LIBNAME stat482 'C:\Simon\Stat482wc\sp09\10random\sasndata';

PROC PRINT data=stat482.mailing;
title 'Sample Dataset: Mailing List';
RUN;

First, click the mailing data set in order to save the data set to a convenient location on your computer. Then, after you launch the SAS program, edit the LIBNAME statement so that it reflects the location in which you saved the data set. Run the program and review the resulting output in order to familiarize yourself with the data set.

## Approximate-Sized Samples

When using a computer program, such as SAS, to randomly select a subset of observations from some larger data set, there are two approaches we can take. We could tell SAS to randomly select a percentage, say 30%, of the observations in the data set. Or, we could tell SAS to randomly select an exact number, say 25, of the observations in the data set. With the former approach, we cannot be guaranteed that the subset data set will achieve a specific size. We consider such samples then an "approximate-sized sample." In general, to obtain an approximate-sized sample, one selects k% of the observations from the original data set.

## Example 34.2

The following program illustrates how to use a SAS data step to obtain an approximate-sized random sample without replacement. Specifically, the program uses the ranuni function and a WHERE statement to tell SAS to randomly sample approximately 30% of the 50 observations from the permanent SAS data set mailing:

 DATA sample1A (where = (random le 0.30));
set stat482.mailing;
random = ranuni(43420);
RUN;

PROC PRINT data=sample1A NOOBS;
title1 'Sample1A: Approximate-Sized Simple Random Sample';
title2 'without Replacement';
RUN;

Launch and run the SAS program. Then, review the resulting output to see the random sample that SAS selected from the mailing data set. You should note a couple of things. First, the people that appear in the random sample appear to be fairly uniformly distributed across the 50 possible Num values. Also, the final random sample contains 20 of the 50 observations in the mailing data set. At 40% (20 out of 50), this is a little higher than the 30% sample we were asking for, but it should not be surprising as it is an artifact of the method used. Finally, note that the variable random contains only values that are smaller than 0.30, as should be expected in light of the WHERE= option attached to the DATA statement.

Okay, now how does the program work? Before we answer the question, note that the technique we use is a technique commonly used by statisticians. It will work in any program, not just SAS. Now, for the answer ... the random assignment statement tells SAS to use the ranuni function to generate a (pseudo) random number between 0 and 1 and to assign the resulting number to a variable called random.

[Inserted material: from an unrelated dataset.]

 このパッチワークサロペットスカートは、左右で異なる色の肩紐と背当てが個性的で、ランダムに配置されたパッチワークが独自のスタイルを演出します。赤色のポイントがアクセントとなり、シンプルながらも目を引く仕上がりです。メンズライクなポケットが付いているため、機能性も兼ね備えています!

The number 43420 that appears in the parentheses of the ranuni function is specified by the user and is called the seed. In general:

• The seed must be a nonnegative number less than 2,147,483,647.
• A given seed always produces the same results. That is, using the same seed, the ranuni function would select the same observations.
• If you choose 0 as the seed, then the computer clock time at execution is used. In this case, it is very unlikely that the ranuni function would produce the same results. It should be noted, that it is common practice when conducting research to use a non-zero seed, so that the results could be reproduced if necessary.
• The ranuni function can be used without assigning it to another variable. We assigned the value to the variable called random just so we could print the results.

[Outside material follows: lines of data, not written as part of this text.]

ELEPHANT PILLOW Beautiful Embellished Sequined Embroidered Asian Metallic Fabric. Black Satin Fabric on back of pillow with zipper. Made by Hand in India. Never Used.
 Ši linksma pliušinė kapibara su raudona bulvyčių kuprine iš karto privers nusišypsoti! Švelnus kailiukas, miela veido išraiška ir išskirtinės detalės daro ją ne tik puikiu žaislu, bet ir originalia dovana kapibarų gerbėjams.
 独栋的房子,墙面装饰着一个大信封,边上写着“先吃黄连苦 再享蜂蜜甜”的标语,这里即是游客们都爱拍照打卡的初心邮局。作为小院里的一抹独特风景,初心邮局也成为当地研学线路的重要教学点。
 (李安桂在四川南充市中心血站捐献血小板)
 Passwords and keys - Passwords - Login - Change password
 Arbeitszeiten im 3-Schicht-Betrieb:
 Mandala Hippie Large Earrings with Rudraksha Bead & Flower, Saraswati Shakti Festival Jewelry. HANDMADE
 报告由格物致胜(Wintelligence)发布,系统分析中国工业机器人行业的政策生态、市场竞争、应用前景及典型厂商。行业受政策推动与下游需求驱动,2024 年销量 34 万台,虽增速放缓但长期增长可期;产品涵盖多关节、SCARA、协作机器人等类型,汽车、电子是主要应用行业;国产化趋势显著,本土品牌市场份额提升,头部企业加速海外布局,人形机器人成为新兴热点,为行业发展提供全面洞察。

Now, because the numbers generated by the ranuni function are uniformly distributed across the numbers between 0 and 1, we should expect about 30% of the random numbers to be less than 0.30. That's where the WHERE= option on the DATA statement comes into play. If the random number generated is less than or equal to 0.30, then the observation is selected for inclusion in the sample. Since the mailing data set has 50 observations, about 30% of the observations should be selected to create a sample of approximately 15 people. Because the selection depends on the values of the numbers generated, the sample cannot be guaranteed to be of a certain size.

You might want to change the seed a few times to see how it affects the sample. If you use the seed 1, for example, you'll see that the new random sample contains 15 observations, not 20 as in our first sample. You might also want to change the proportion 0.30 to various other numbers between 0 and 1 to see how it affects the size of the sample.

## Example 34.3

The following code illustrates an alternative way of randomly selecting an approximate-sized random sample without replacement. Specifically, the program uses the SURVEYSELECT procedure to tell SAS to randomly sample approximately 30% of the 50 observations from the permanent SAS data set mailing:

PROC SURVEYSELECT data = stat482.mailing
out = sample1B
method = SRS
seed = 12345678
samprate = 0.30;
title;
RUN;

PROC PRINT data = sample1B NOOBS;
title1 'Sample1B: Approximate-Sized Simple Random Sample';
title2 'without Replacement (using PROC SURVEYSELECT)';
RUN;

Launch and run the SAS program. Then, review the resulting output to convince yourself that the code did indeed select a sample from the mailing data set. As you can see, the SURVEYSELECT procedure produces one page of output that is merely informational, reiterating much of the information that we supplied to SAS in our SURVEYSELECT code:

• The DATA= option tells SAS the name of the input data set (stat482.mailing) from which observations should be selected.
• The OUT= option tells SAS the name of the output data set (sample1B) in which the selected observations should be stored.
• The METHOD= option tells SAS the sampling method that should be used. Here, SRS tells SAS to use the simple random sampling method to select observations, that is, with equal probability and without replacement.
• The SEED= option tells SAS the initial seed (12345678) for generating the random number. In general, the value of the SEED= option must be an integer, and if you do not specify the SEED= option, or if the SEED= value is negative or zero, the computers clock is used to obtain the initial seed.
• The SAMPRATE= option tells SAS what proportion (0.30) of the input data set should be sampled.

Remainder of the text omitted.